Data to process
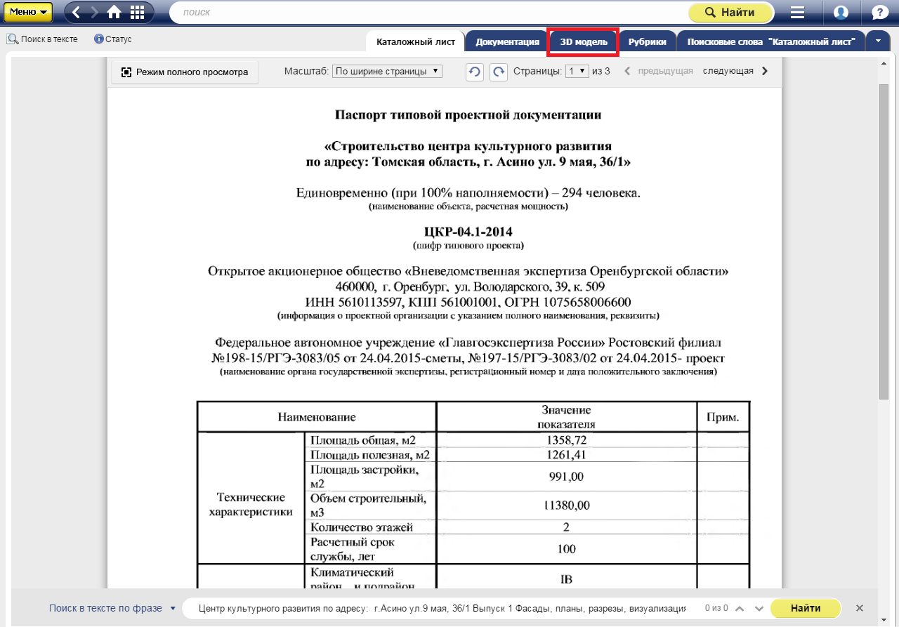 Под ярлыком специалисты найдут материал, который снабжен наглядным трехмерным изображением здания, и файл с самой 3D-моделью.
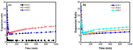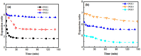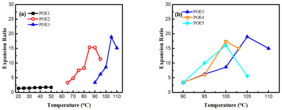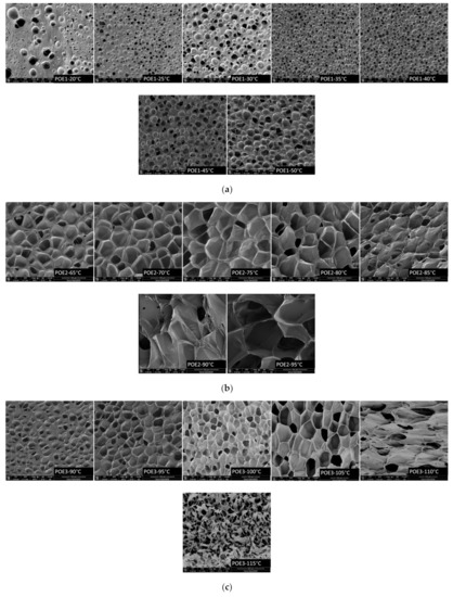Figure 9 was SEM images and Figure 10 summarized the expansion ratio of different POE foams, which were totally stabilized at the aging time of 21 days. As mentioned above, the foaming temperature window of different POEs was close to their POE melting range. Figure 10a shows that the foaming window shifts to the lower temperature range with the increase of octene content. POE foams with lower octene content have a higher expansion ratio, which can be up to 18.9 times. Figure 10b shows that the increase of POE molecular weight can widen the foaming temperature window and increase the expansion ratio.
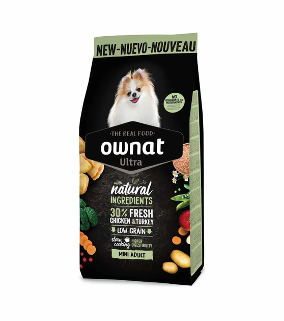 Сухий корм для собак малих порід OWNAT ULTRA MINI ADULT (низькозерновий) з куркою та індичкою - 3 кг
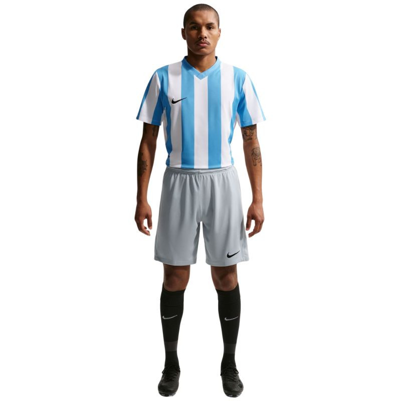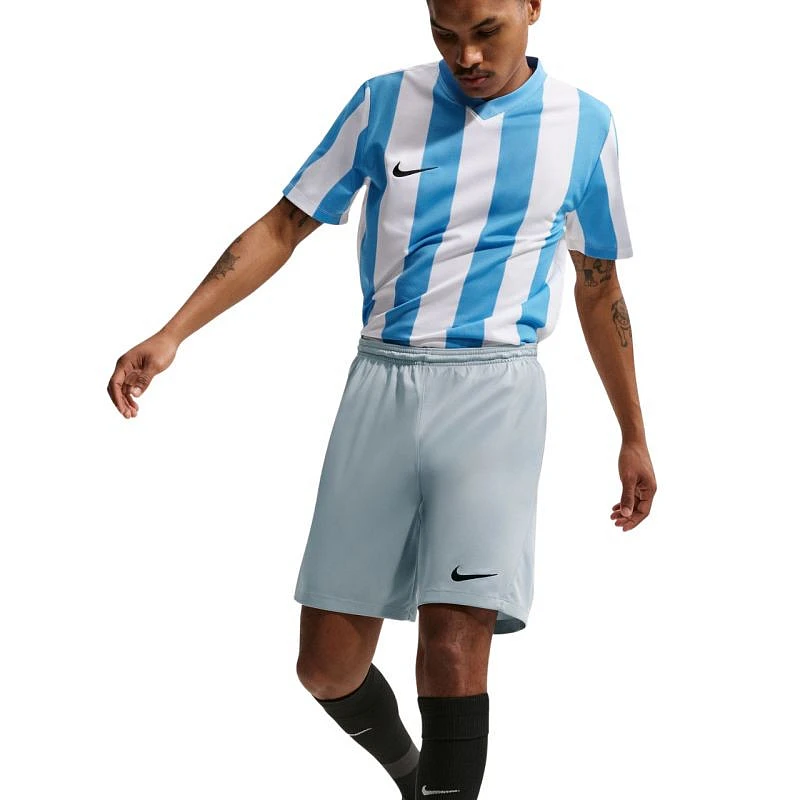 Spodenki męskie Nike Dry Park III NB K jasnoszare BV6855 012 Zadbaj o pełne skupienie na meczu, postaw na nieograniczoną swobodę ruchów i sięgnij po męskie spodenki Nike. Lekka, szybkoschnąca tkanina zapewnia doskonałe właściwości oddychające, dzięki czemu pozostajesz w pełni skupiony na rozgrywanej akcji. Technologia Dri-FIT, odprowadzająca pot z powierzchni skóry na zewnątrz. Standardowa długość i dopasowany krój. Elastyczny pas z siateczkową podszewką. Wybierając spodenki Nike, przy produkcji której wykorzystano poliester z recyklingu, wspierasz naturalne zasoby środowiska i zmniejsza emisję szkodliwych substancji. Materiał: 100% poliester z recyklingu
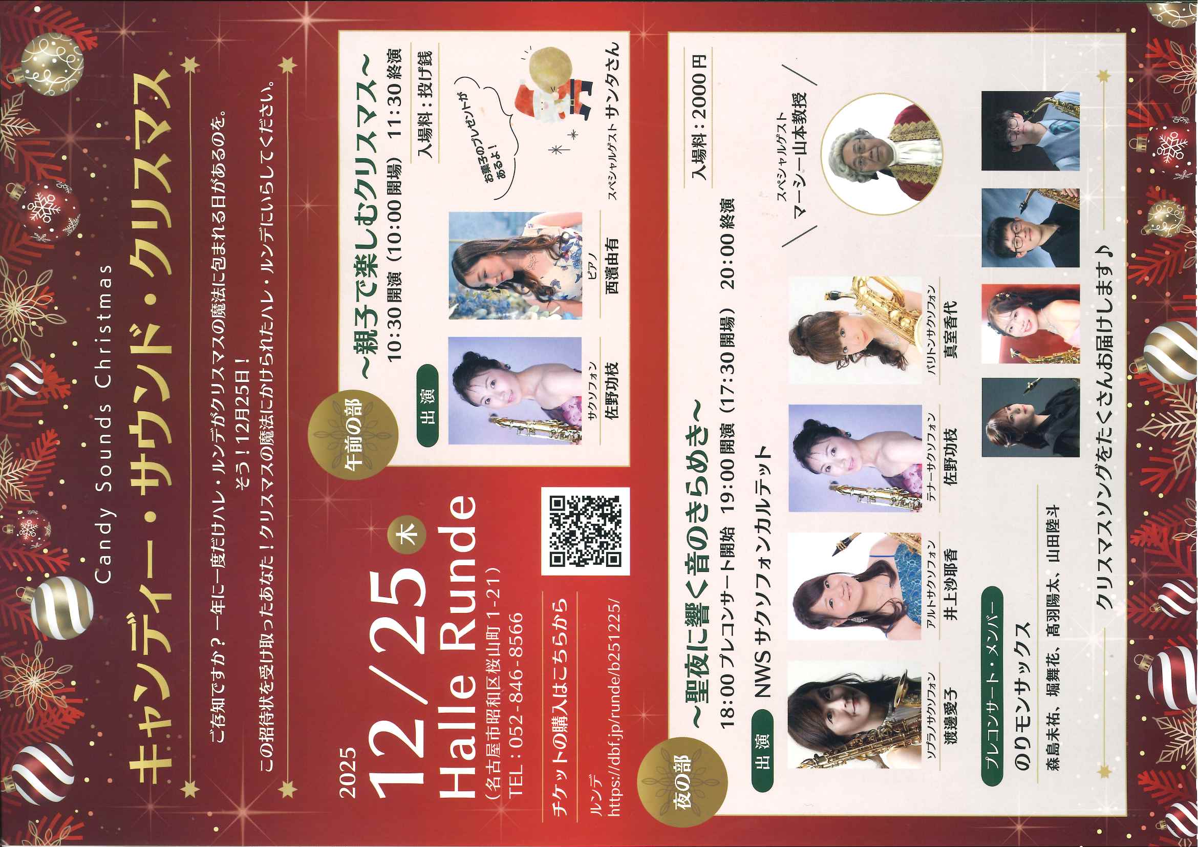 | 出演 | ■昼の部 <サクソフォン>佐野功枝《本学教員》 <ピアノ>西濱由有 ■夜の部 NWSサクソフォンカルテット <ソプラノサクソフォン>渡邊愛子 <アルトサクソフォン>井上沙耶香 <テナーサクソフォン>佐野功枝《本学教員》 <バリトンサクソフォン>真室香代 プレコンサート・メンバー 森島未祐《本学学生》 堀舞華《本学修了生》 高羽陽太《本学卒業生》 山田陸斗《本学学生》 |
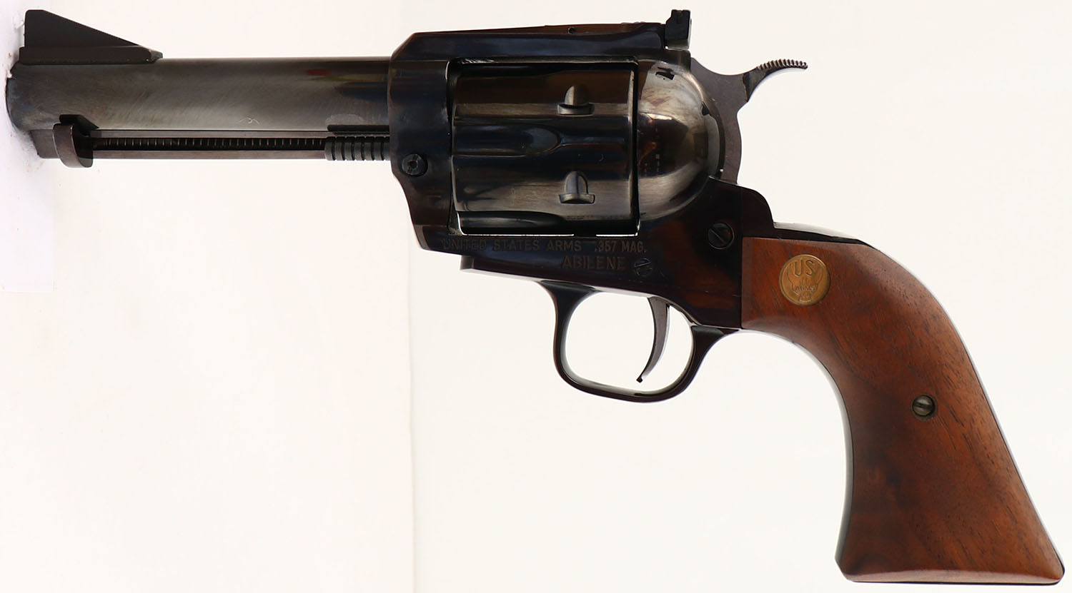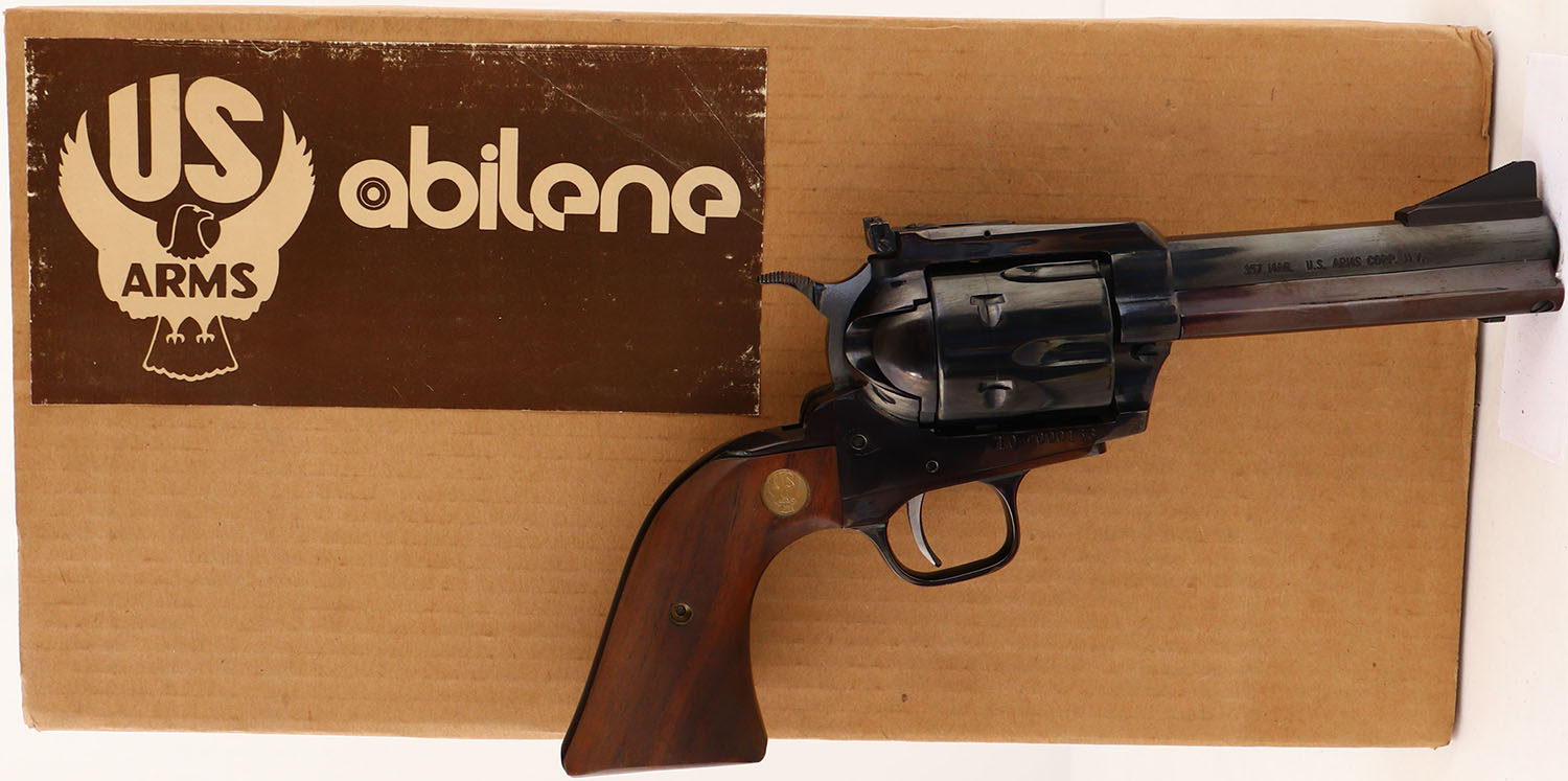 BOXED, United States Arms Co., Abilene (Mod. 104-AB), CAL: 357 MAG, MFG: Modern, SN: 10-000153, Single Action Revolver, 4 1/2'' barrel. The U.S Arms logo medallion wood grips are excellent. The metal blue finish rates 99% overall, with some components beginning to tone plum & areas of haze. Bore is excellent. Adjustable rear sight & serrated blade front sight. Comes in SN matching box with letter from USAC. FFL Req. - Value: 400 to 800
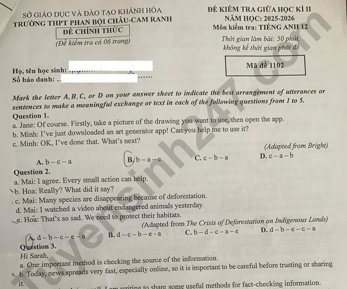 Đề thi giữa kì 2 lớp 12 môn Anh 2026 - THPT Phan Bội Châu-Cam Ranh Read the following passage and mark the letter A, B, C, or D on your answer sheet to indicate the best answer to each of the following questions from 23 to 30. AI (artificial intelligence) has been on the rise since the 1990s, but people started to notice its power when humanoid robots were first introduced in 2016. Since then, the potential of AI has been extremely promising, but it has raised significant concerns about the control over Al abilities. Phone scams involved in Al-generated voice have been reported in the USA and some European nations. Scammers, equipped with advanced knowledge and skills, collected some data and recorded some victim's voices before they faked the victims' voices to borrow some money from their friends and relatives. In these situations, some parents received a phone call from an unknown number and heard their child's voice crying, "I've been kidnapped. Help me!" while the child was actually safe at school or a friend's house. Consequently, the parents were terrified and transferred large sums of money to the scammers.
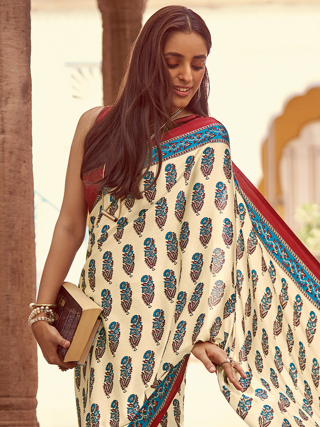 This saree is made from Crepe and is Cream in color. Our Ethnic Sarees comes With Blouse Piece, Which can be Stitched according to Your Taste and Preference. This Saree is Crafted by Skill Craftsmen without Compromising on its Quality. With This Beautiful Design and Fabric, This Saree will fetch You Oodles of Compliments and Praise. saree fit size is 5.5 mtr saree & 0.8 mtr Blouse, Free Size |.
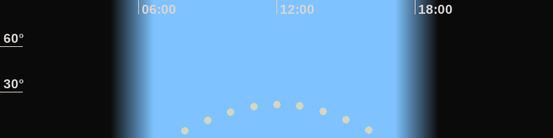 Höchster Stand (Kulmination)12:05 Uhr (h=22.2°)
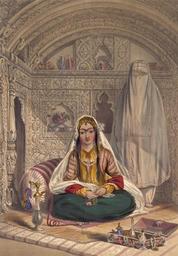 | Keywords: Afghan lady in Kabul.jpg en Ladies Of Caubul This lithograph is taken from plate 24 of 'Afghaunistan' by Lieutenant James Rattray A political mission composed of Doctor Lord and Captain Rattray James' brother was established at Bamiyan This was the frontier city of Afghanistan and the first spot which could be attained by the Russians It was also the only road by which the exiled Dost Mohammed could revisit his kingdom The region was famed for its Buddhist statues Shakar Lab 'Sugar Lips' was the favourite wife of a former governor of Bamiyan and niece by marriage to Dost Mohammed As a great favour Rattray was introduced to her at Kabul Describing her as a Qizilbash belle of the first water Rattray wrote Afghaun ladies exercise more control over their husbands than is usual in Eastern countries Though women of the higher classes were strictly under purdah as in Hindustan Rattray wrote that they certainly enjoyed life more than the Hindustanis Women were seen making constant pleasure excursions into tombs gardens and bazaars and they threw off their veils and restraint in secluded spots He had sometimes come upon them thus and found them strikingly handsome fa بانوان کابل این نقاشی از صفحهٔ ۲۴ «افغانستان» اثر ستوان جیمز راترای گرفته شده است کاپیتان راترای برادر جیمز و دکتر لرد در بامیان مأموریتی سیاسی داشتند این شهر شهری مرزی بود و نخستین شهری بود که می توانست به دست روس ها بیفتد همچنین تنها جاده ای بود که دوست محمد تبعیدشده می توانست از طریق آن به قلمرواش سر بزند این منطقه به خاطر مجسمهٔ بودا مشهور بود شکرلب زن مورد علاقهٔ حاکم سابق بامیان و خواهرزادهٔ دوست محمد بود که در کابل راترای را به او معرفی کردند راترای که وی را از قزلباشان توصیف می کند می نویسد «بانوان افغان بیشتر از آنچه در شرق رایج است بر شوهران خود سلطه دارند » گرچه زنان طبقه های عالی تر همچون هندوستان شدیداً در پرده حجاب محصور هستند، راترای می نویسد آن ها بیشتر از زنان هند از زندگی بهره می برند بسیار دیده می شود که برای تفریح در آرامگاه ها، باغ ها و بازارها رفت وآمد می کنند و پوشش و حجاب خود را در خلوت برمی دارند وی که چهرهٔ برخی از ایشان را دیده بود آن ها را بسیار زیبا توصیف می کند British Library image http //www bl uk/onlinegallery/onlineex/apac/other/019xzz000000562u00024000 html Institution British Library or 1839 1842 Lieutenant James Rattray PD-Old PD-old-70 1840s lithographs Burqa Depictions of natives in European works Front views of women in art Lithographs of people Paintings of sitting women at full length People of Kabul Women of Afghanistan in art 19th-century people of Afghanistan |
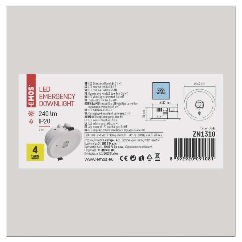 EMOS SVÍTIDLO NOUZOVÉ 3W 240LM 3H MT, ZN1310

What needs to be done
The line containing "Сухий корм для" marks the end; please output exactly the lines of the listing above from its first line through that line, without pictures.

Your solution
 Под ярлыком специалисты найдут материал, который снабжен наглядным трехмерным изображением здания, и файл с самой 3D-моделью.
Figure 9 was SEM images and Figure 10 summarized the expansion ratio of different POE foams, which were totally stabilized at the aging time of 21 days. As mentioned above, the foaming temperature window of different POEs was close to their POE melting range. Figure 10a shows that the foaming window shifts to the lower temperature range with the increase of octene content. POE foams with lower octene content have a higher expansion ratio, which can be up to 18.9 times. Figure 10b shows that the increase of POE molecular weight can widen the foaming temperature window and increase the expansion ratio.
 Сухий корм для собак малих порід OWNAT ULTRA MINI ADULT (низькозерновий) з куркою та індичкою - 3 кг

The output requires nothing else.